The work of Vico Magistretti is to be celebrated with More or less 60 chairs in 60 years.
The designer readily admitted he was obsessed by chairs, saying in 2003: ‘I have a somewhat shameful passion for chairs. I think it’s because they’re the hardest thing, they don’t forgive you anything. It’s hard to be happy with a chair.’
Fondazione studio museo Vico Magistretti is returning to his obsession until 26 February, 45 years after Magistretti staged the Twenty years, Twenty chairs solo exhibition in Milan, which he followed with Twenty-one years, twentyone chairs in London in 1981.

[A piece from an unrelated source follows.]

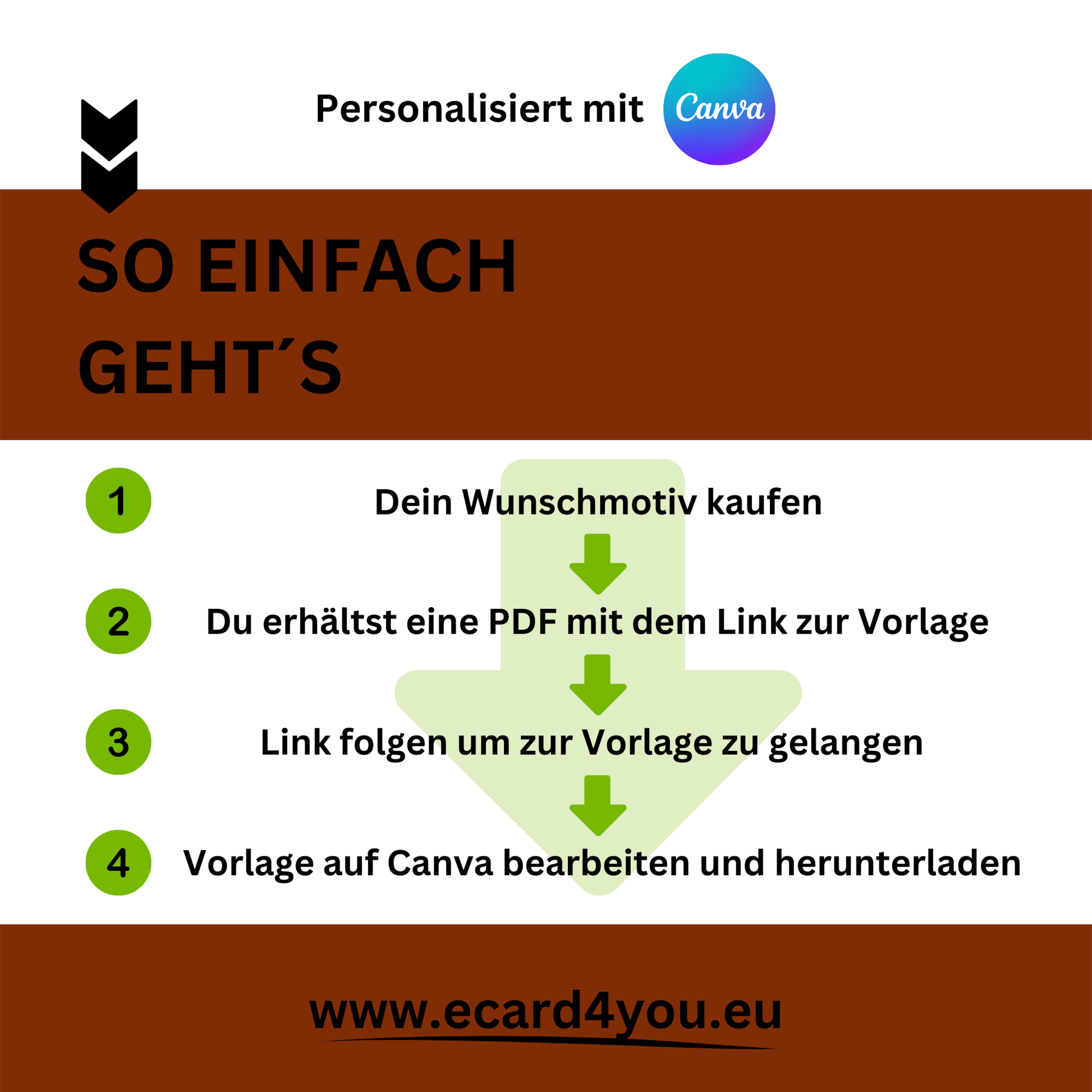 Nach dem Kauf der eCARD bekommst du eine PDF, die öffnest du, dann drückst du auf den Link und anschließend wirst du zu der Vorlage weitergeleitet.

The MIlan exhibition unfolds along two paths: a timeline of original drawings and photographic reproductions of 66chairs – too many for the small studio museum to show – designed by Magistretti over his sixty-year career. In addition, a dozen or so chairs are available for visitors to sit on and try out, along with just as many notebooks filled with the stories behind each chair: insights, collaborations, revisions, reconsiderations, production challenges, and some legal troubles.
Curator Luca Poncellini, who practically moved in to the museum to read and re-read letters, agreement drafts, faxes, and press kits; study patent files and photos of prototypes and models; examine drawings and decipher notes to allow each chair to tells its own story, revealing the vision of a designer who left an indelible mark on both Italian and international design history.